Lockdown for me means less stress and more time to spend with Elizabeth.  Lockdown for Elizabeth is both good and bad.  Good in terms of the streets being virtually empty –  bad in terms of the cafes and shops not being open and not being able to see friends or move forward with appointments.

The appointments needed are an MRI Scan to check on the benign tumour that the Bethlem tried to dismiss – again conflict in the file as this was discovered back in 2009 where a report stated “Anterior Region Medial Temporal Compromise”.   I see this as a brain injury not a mental health condition and I am not even a Doctor or a Nurse to conclude this.

I do not trust Royal Bethnal Hospital and their dismissal of the tumour and want this to be clarified and so does Elizabeth.  The reason I do not trust them is that back in 2012 Elizabeth was given Clozapine against her wishes and Advanced Declaration.  She was seriously ill during the titration with a mews score of 3 but no ECG machines were in working order in that specialist hospital.  They were not working due to not being  charged and there was no paper.    So with reports of chest pain, high pulse, dizziness she could not be monitored due to the machinery being out of order.   How then can I trust their report of no tumour when there is reports of this nature recorded in the files.

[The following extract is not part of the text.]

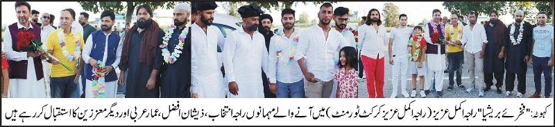 “فخرئے بریشیا”راجہ اکمل عزیز کے زیر اہتمام (راجہ اکمل عزیز کرکٹ ٹورمنٹ)اختتام پزید ہو گیا،ٹورنامنٹ میں ٹوٹل 32ٹیموں نے حصہ لیا،فائنل پادوآالیون نے جیت لیا جبکہ پارما الیون رنر اپ رہی،جیتنے والی ٹیم کو4لاکھ76 ہزار655روپے اور ٹرافی جبکہ رنر اپ ٹیم کو 2لاکھ38 ہزار327روپے اور ٹرافی انعام دیا گیا،میچ کے آرگنائزرنوجوان سیاسی و سماجی شخصیت “فخرئے بریشیا”راجہ اکمل عزیزکو شاندار کامیاب ٹورنا منٹ کرانے پر مبارکباد پیش کی گئی،تفصیل کے مطابق نوجوان سیاسی و سماجی شخصیت “فخرئے بریشیا”راجہ اکمل عزیز کے زیر اہتمام (راجہ اکمل عزیز کرکٹ ٹورمنٹ) بریشیا (مونتی کیاری گراؤئنڈ) میں منعقد کیا گیا جس میں انٹری فیس 100یورو(پاکستانی31ہزار777روپے) جبکہ پہلا انعام 1500یورو+ٹرافی(پاکستانی4لاکھ76 ہزار655روپے) اور دوسرا انعام 750یورو+ٹرافی(پاکستانی2لاکھ38 ہزار327روپے)تھا ٹورنامنٹ میں ٹوٹل32ٹیموں نے حصہ لیا فائنل میچ چوہدری شفیق سیٹھی کی ٹیم پادوآالیون اور بلا پارما کی ٹیم پارما الیون میں ہوا جو پادوآالیون نے جیت لیافائنل میچ میں بڑھی تعداد میں تماشائیوں نے شرکت کی،جبکہ اس موقع پر میچ دیکھنے کے لیے انگلینڈ، سویزئر لینڈسے بھی مہمان آئے تھے تمام معزز مہمانوں اور شائقین کر کٹ نے شاندار کامیاب ٹورنا منٹ کرانے پر”فخرئے بریشیا”راجہ اکمل عزیزکا مبارکباد پیش کی ہے راجہ اکمل عزیزنے بھی تمام معزز مہمانوں اور شائقین کر کٹ کا شکر یہ ادا کیا۔

When Dr Moncrieff suggested Endocrinology tests I had them done privately which proved a faulty endocrine system, insulin resistant –  if a faulty endocrine system then the entire pituitary glands can be affected.  None of this was done at the Bethlem from what I can see yet Metformine was prescribed off label and Bisoprolol given to counteract tachcycardia contracted during titration of clozapine.

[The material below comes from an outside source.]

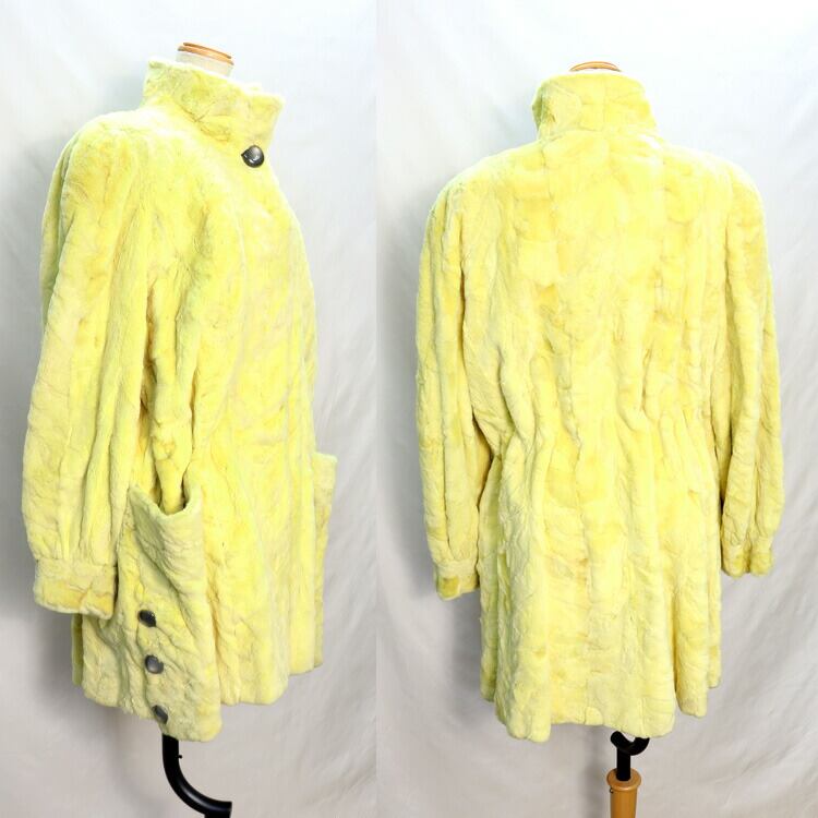 【サイズ(最大部を計測)】着丈約86cm 身幅約116cm 肩幅約38cm 袖丈約65cm 【重さ】約1585g 【内側ポケット】1つ 【外側ポケット】2つ 【留め具】カギホック×3、ボタン×1 【素材】ミンク【裏地】有り

The above is why I cannot accept Elizabeth’s mental health condition because I have had extensive tests done which point to a physical health condition and full hormone tests were recommended to be done at a previous Tribunal.    This takes more than a blood test.   This needs referral to an expert on hormones


Real menopause experts would recognize menopause as a disease

Not one of these doctors showed an understanding of basic human physiology. Menopause happens because of organ failure not because the human body ever loses its need for its hormones. A person’s body works the same way at the age of 105 as it does at the age of 25. Our DNA and what fuels it (hormones, vitamins, and minerals) never changes. This means your body needs the same thing at 105 as it does at 25 to stay healthy. This means treatment should be lifelong.

What such treatment entails would need careful consideration but I have just now contacted a private clinic who are more than happy to help with any tests that the NHS may have omitted and I need to find out about these blood tests and what have been done so far.    I am awaiting a call from the GP at Carlton House Surgery in this respect.

There is no way I can accept a mental health diagnosis when it is clear the condition is  physical and I have taken top advice on this.   How many more people under the NHS are stuck under secondary care with a mental health label and told to take psychiatric drugs for the rest of their life when in fact they have an underlying physical condition and I have proven it.  Now I want the right treatment for Elizabeth in the circumstances especially when a previous tribunal panel recommended this some time ago and nothing has been done.

In light of Covid 19 it is all the more important to review and assess properly psychiatric patients for any underlying physical health conditions urgently.